-- Data extracted from a collection --
:::

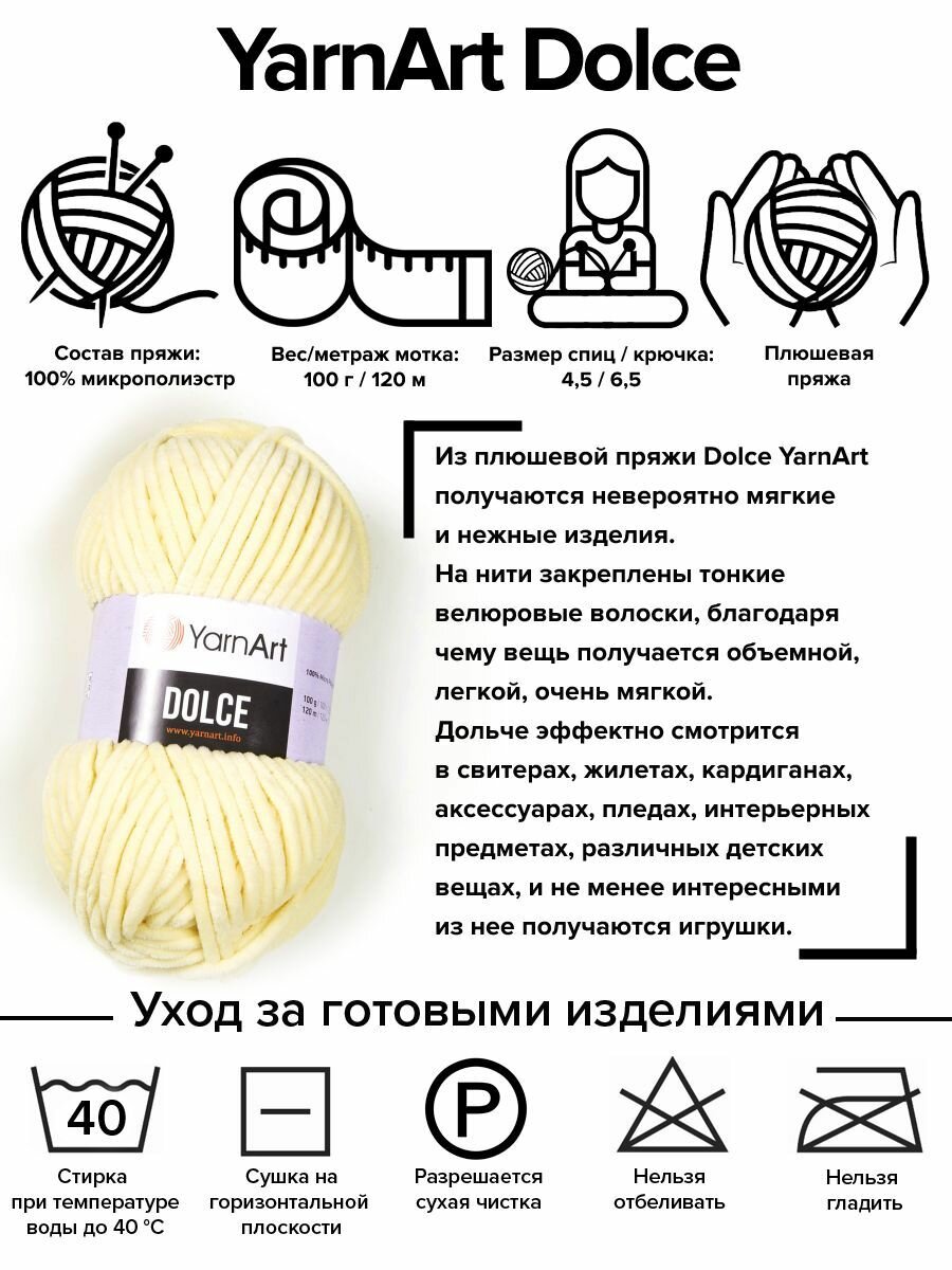 Ниже Вы можете прочитать отзывы на Пряжа для вязания YarnArt 'Dolce' 100г, 120м (100% микрополиэстер) (783 молочный), 5 мотков, ознакомится с подробными характеристиками, посмотреть интересные обзоры и фотографии на Пряжа для вязания YarnArt 'Dolce' 100г, 120м (100% микрополиэстер) (783 молочный), 5 мотков.
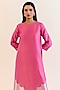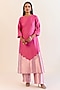 Featuring a pink kurta in chanderi silk and handwoven kimkhwaab tissue base. It is paired with pants. Style it up statement earrings and heels for family gathering to festive occasions.
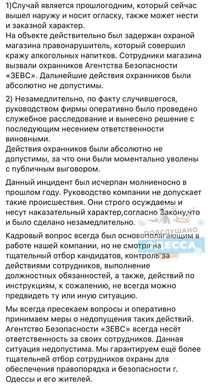 Це не перший випадок, коли це охоронне агентство опиняється у центрі гучного скандалу. Так, в червні 2017 року агентство безпеки "Зевс" змушене було вибачатися перед журналістами і жителями Одеси за інцидент з недопуском громадян в будівлю Одеської міської ради під час сесії.
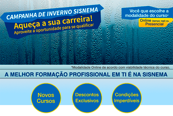 Aproveite a Campanha de Inverno da SISNEMA para adqurirr vários packs especiais com os melhores e mais atuais cursos de TI do mercado.
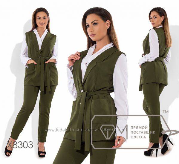 Модель № X8303 - ДВОЙКА Цена: 650грн Размеры: 48, 50, 52, 54 Ткань: креп костюмка Длина жилетки: 75см Длина брюки: по внутреннему шву: 76см, по внешнему шву - 100см
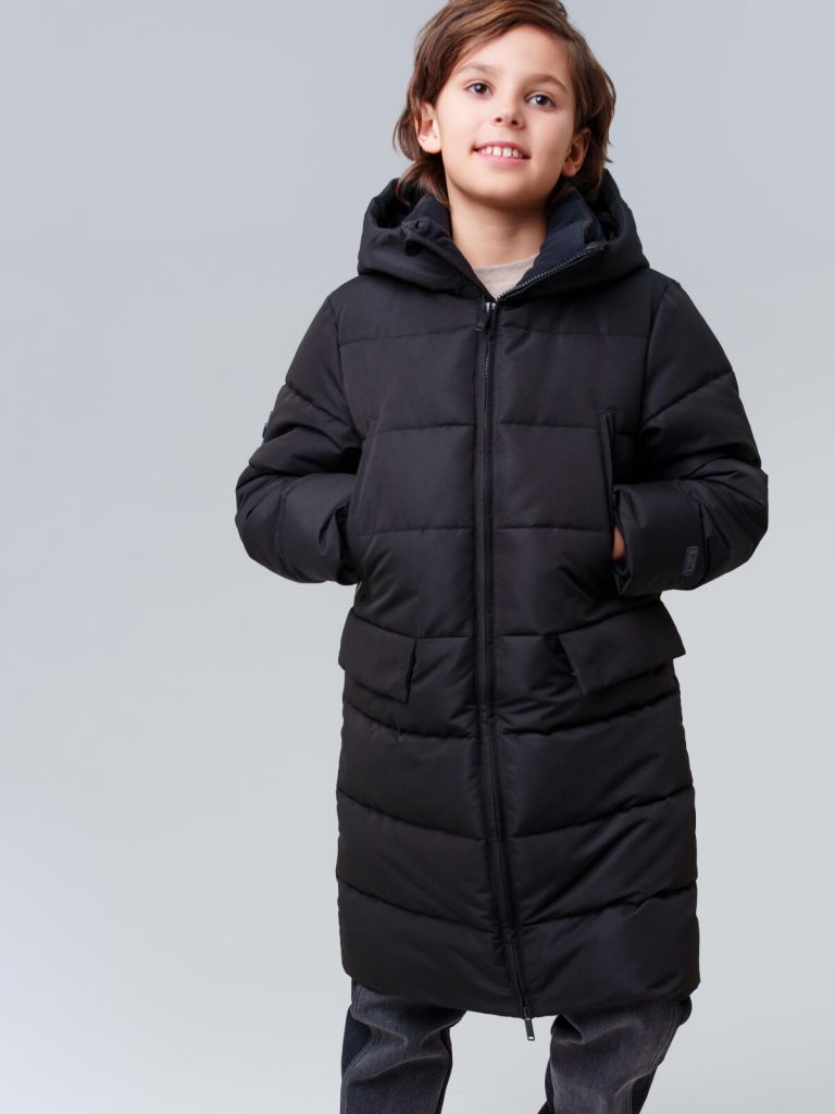Функциональный капюшон с утяжками регулируется по объёму. Карманы с надёжными застёжками позволяют носить с собой всё необходимое, не боясь потерять. Такое универсальное детское пальто для мальчиков идеально подойдёт для школьных будней, поездок и зимних прогулок.
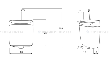 - A tartályt csak balos kivitelben lehet megvásárolni, azaz bal oldalon alul van a vízbetáplálás
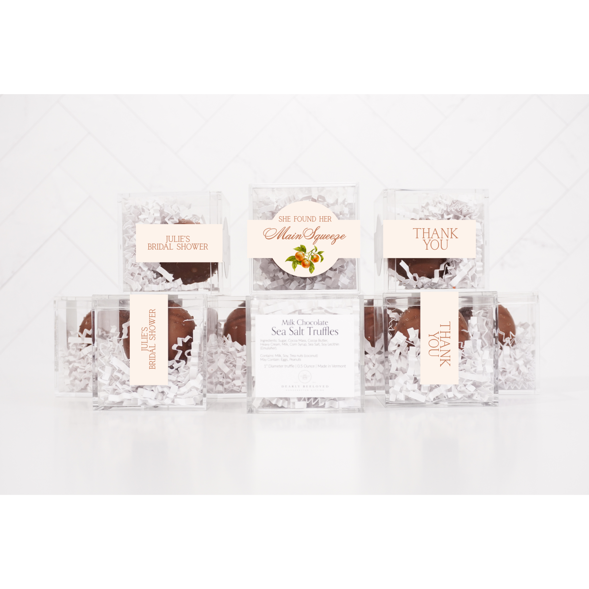 Indulge your guests with the ultimate sweet treat—our Chocolate Truffle Party Favors! Each 2″ clear acrylic cube is filled with rich, velvety chocolate truffles that melt in your mouth, offering a luxurious bite of bliss.
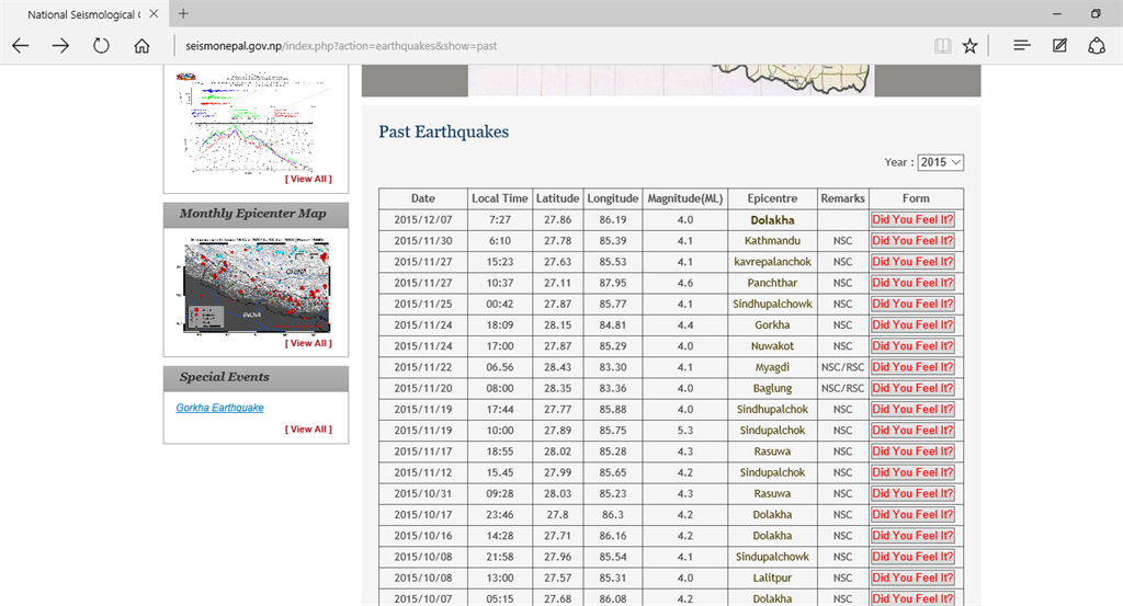 For this demo, I am analyzing the data from this link, which list the past earthquakes that has occurred in Nepal. Put in the URL and click OK.

:::

-- Work task --
Each line from the top of the records through the one containing "Це не перший" needs to be transcribed exactly, without pictures.

-- Result of this exercise --
 Ниже Вы можете прочитать отзывы на Пряжа для вязания YarnArt 'Dolce' 100г, 120м (100% микрополиэстер) (783 молочный), 5 мотков, ознакомится с подробными характеристиками, посмотреть интересные обзоры и фотографии на Пряжа для вязания YarnArt 'Dolce' 100г, 120м (100% микрополиэстер) (783 молочный), 5 мотков.
 Featuring a pink kurta in chanderi silk and handwoven kimkhwaab tissue base. It is paired with pants. Style it up statement earrings and heels for family gathering to festive occasions.
 Це не перший випадок, коли це охоронне агентство опиняється у центрі гучного скандалу. Так, в червні 2017 року агентство безпеки "Зевс" змушене було вибачатися перед журналістами і жителями Одеси за інцидент з недопуском громадян в будівлю Одеської міської ради під час сесії.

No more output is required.